Roland Barthes can be seen as a post-structuralist, although he admitted that in his writings about photography he turned to phenomenology, connecting photography firmly with memory and the past as disclosed by means of this special medium. He searched for the essential truth of photography and found it in the revelation of "this-has-been," which connects appearance with essential meaning; he stated that the photograph always carries its referent with itself, that is its referent is present on the photograph. This theoretical step can be understood psychologically. Grieving for his dead mother, he yearned to keep past reality alive. A photo taken in the winter garden, representing Barthes’s mother as a five-year-old girl, gave him that experience.[10] This belief in the real person present on the photograph is possible only when physical and chemical matter becomes glorified as truth or life-giving.

Barthes, in Camera Lucida, a book dedicated to photography, distinguished two planes of an image. 'Studium' is the meaning of a photograph or what we can learn from it. 'Punctum' is that aspect of a photo that is subjective or personal: it can be fixation on a detail and intensive (the Time passing.)[11] Punctum’s function is confirmation of reality, a confirmation that is unique to each viewer and is impossible to communicate in the generalized manner of the socially encoded studium or even to be expressed in language.

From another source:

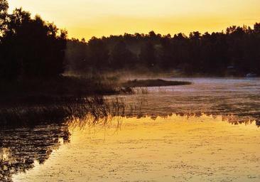 Keywords: lake sunrise sunset forest plants fog island beautiful dawn tranquil scenic view silence outdoor landscape water orange silhouette morning evening nature

Intensive punctum is the passage of time, the past-present, which Barthes defines as the time of photography.[12] By recording that which is in the past, what was "real," secures the stability of its being and fixes death, which will inevitably come to the represented being. Formal punctum, understood as a detail, grabs our attention and causes the immobile image on a wall to transcend itself, pointing at the life "out there."[13] It admits the existence of the pictured being outside the frame and its continuation outside the frame of representation. Punctum is an element of the image situated out of the visual layer of social code, certifying the essential similarity between the image and reality.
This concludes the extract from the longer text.